====== Recorded information
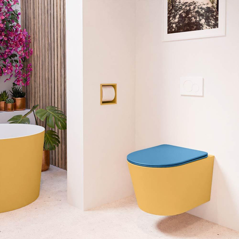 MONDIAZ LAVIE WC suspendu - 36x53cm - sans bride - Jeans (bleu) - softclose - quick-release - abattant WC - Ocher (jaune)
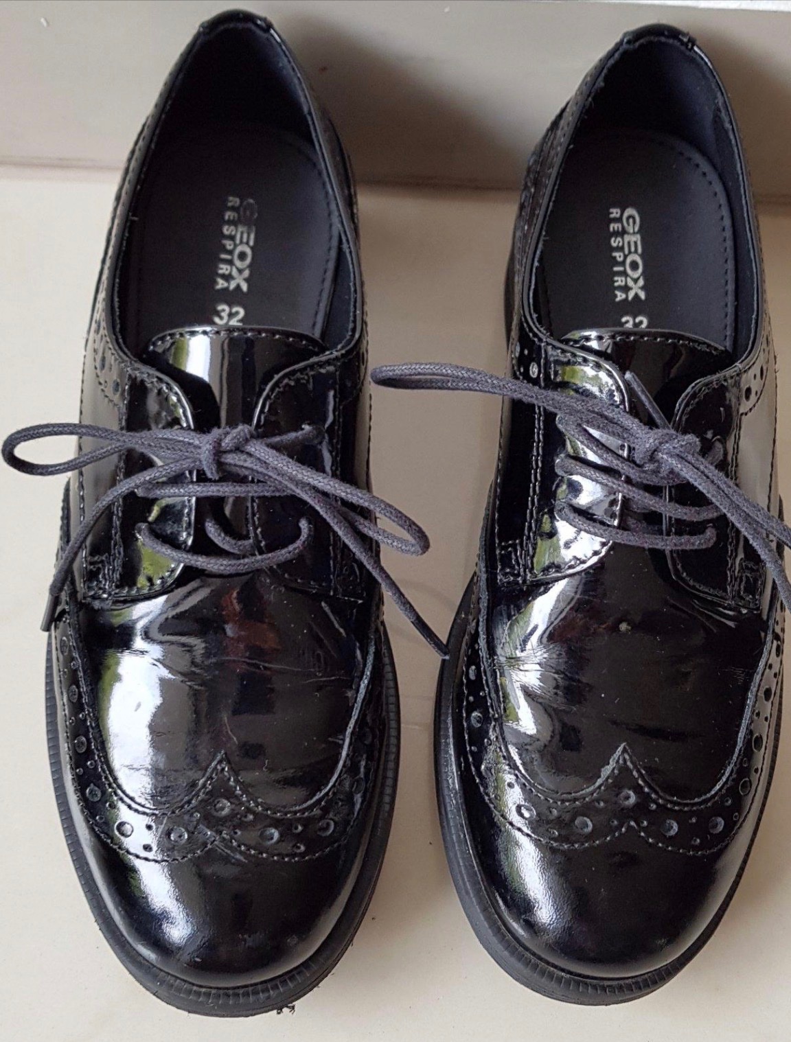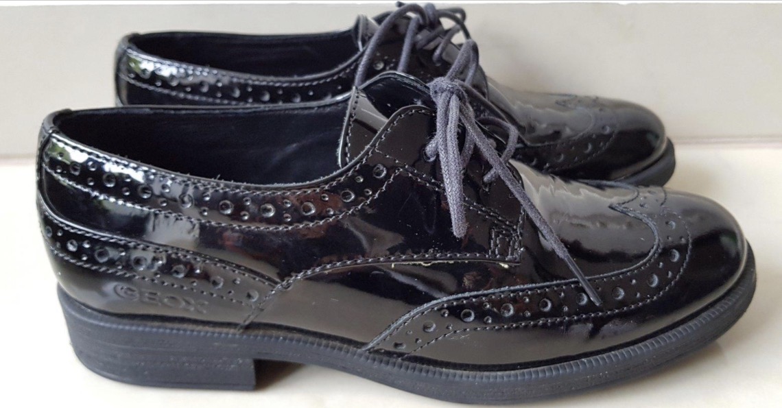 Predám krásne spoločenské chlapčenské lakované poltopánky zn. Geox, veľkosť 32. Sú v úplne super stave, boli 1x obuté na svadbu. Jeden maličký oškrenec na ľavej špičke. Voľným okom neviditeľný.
============
====== Recorded information
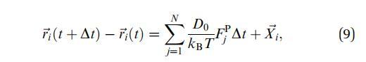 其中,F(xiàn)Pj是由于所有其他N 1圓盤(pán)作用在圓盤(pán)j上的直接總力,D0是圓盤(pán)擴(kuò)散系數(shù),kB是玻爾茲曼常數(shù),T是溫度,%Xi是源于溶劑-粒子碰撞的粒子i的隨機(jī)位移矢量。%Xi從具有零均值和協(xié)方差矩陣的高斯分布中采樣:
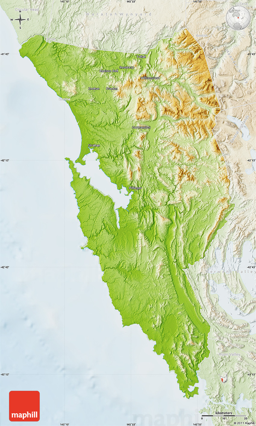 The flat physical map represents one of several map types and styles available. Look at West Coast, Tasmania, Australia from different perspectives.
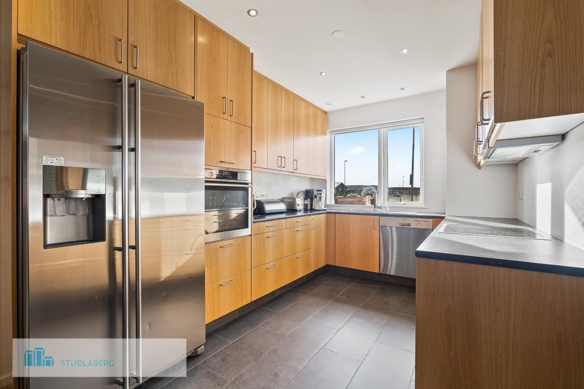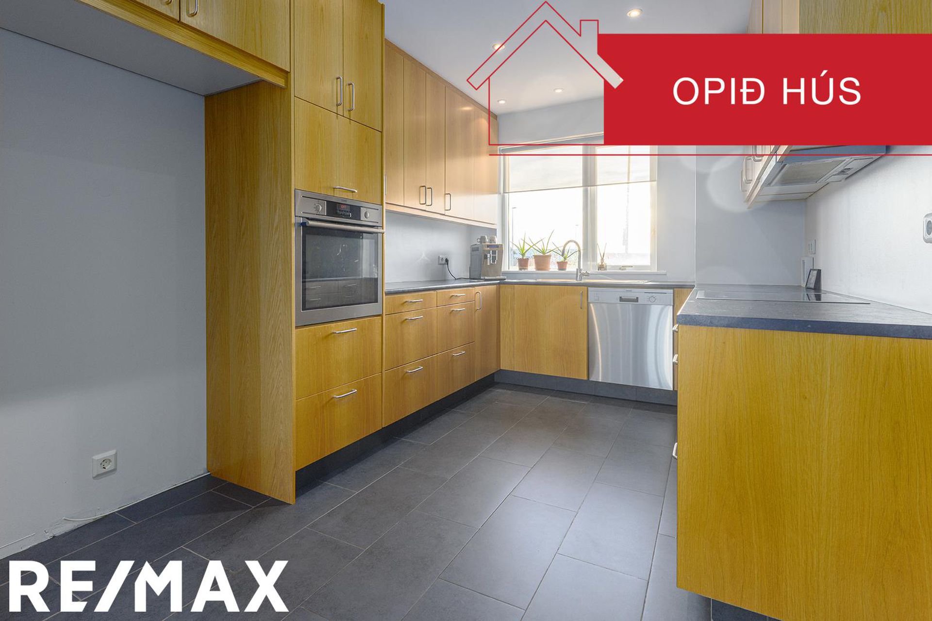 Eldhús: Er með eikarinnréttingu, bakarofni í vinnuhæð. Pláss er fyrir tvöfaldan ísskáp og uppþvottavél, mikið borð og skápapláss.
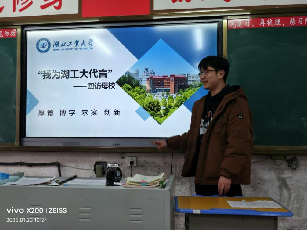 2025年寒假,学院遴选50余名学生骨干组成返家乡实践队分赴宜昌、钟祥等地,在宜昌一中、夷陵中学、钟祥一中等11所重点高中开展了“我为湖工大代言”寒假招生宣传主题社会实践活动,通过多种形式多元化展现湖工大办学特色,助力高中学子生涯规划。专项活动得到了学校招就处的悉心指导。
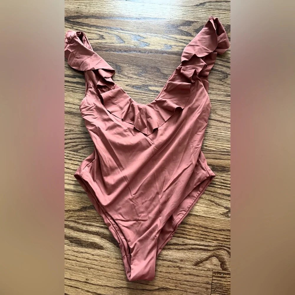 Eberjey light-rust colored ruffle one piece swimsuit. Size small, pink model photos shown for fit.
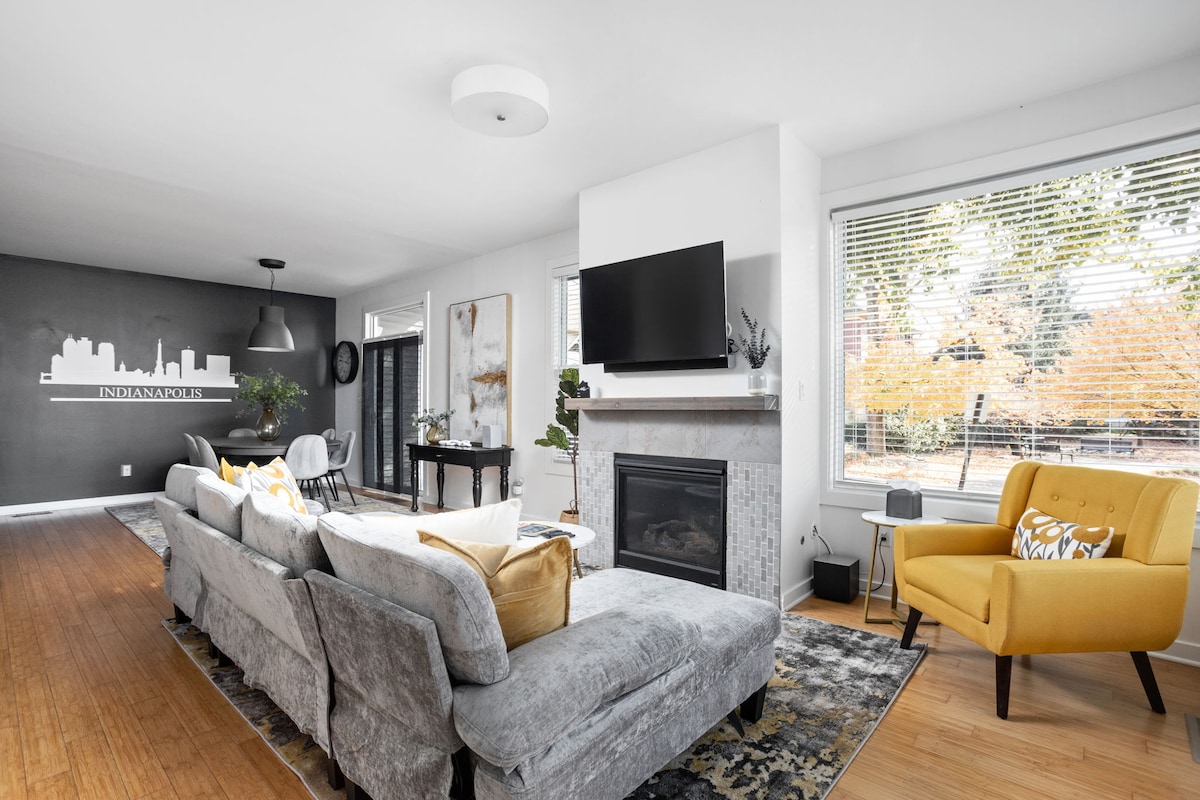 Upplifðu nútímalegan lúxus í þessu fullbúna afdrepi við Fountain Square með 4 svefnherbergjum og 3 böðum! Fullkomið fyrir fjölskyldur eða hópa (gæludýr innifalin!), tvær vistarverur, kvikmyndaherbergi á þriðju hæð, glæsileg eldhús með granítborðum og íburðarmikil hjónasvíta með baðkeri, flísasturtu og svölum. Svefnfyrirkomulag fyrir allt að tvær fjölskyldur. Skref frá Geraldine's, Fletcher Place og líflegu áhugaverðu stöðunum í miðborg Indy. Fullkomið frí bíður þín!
============
Work from the entries above. Set down exactly and only the lines from the line with "The flat physical" to the line with "Eberjey light-rust colored", both included, and leave the pictures out.

 The flat physical map represents one of several map types and styles available. Look at West Coast, Tasmania, Australia from different perspectives.
 Eldhús: Er með eikarinnréttingu, bakarofni í vinnuhæð. Pláss er fyrir tvöfaldan ísskáp og uppþvottavél, mikið borð og skápapláss.
 2025年寒假,学院遴选50余名学生骨干组成返家乡实践队分赴宜昌、钟祥等地,在宜昌一中、夷陵中学、钟祥一中等11所重点高中开展了“我为湖工大代言”寒假招生宣传主题社会实践活动,通过多种形式多元化展现湖工大办学特色,助力高中学子生涯规划。专项活动得到了学校招就处的悉心指导。
 Eberjey light-rust colored ruffle one piece swimsuit. Size small, pink model photos shown for fit.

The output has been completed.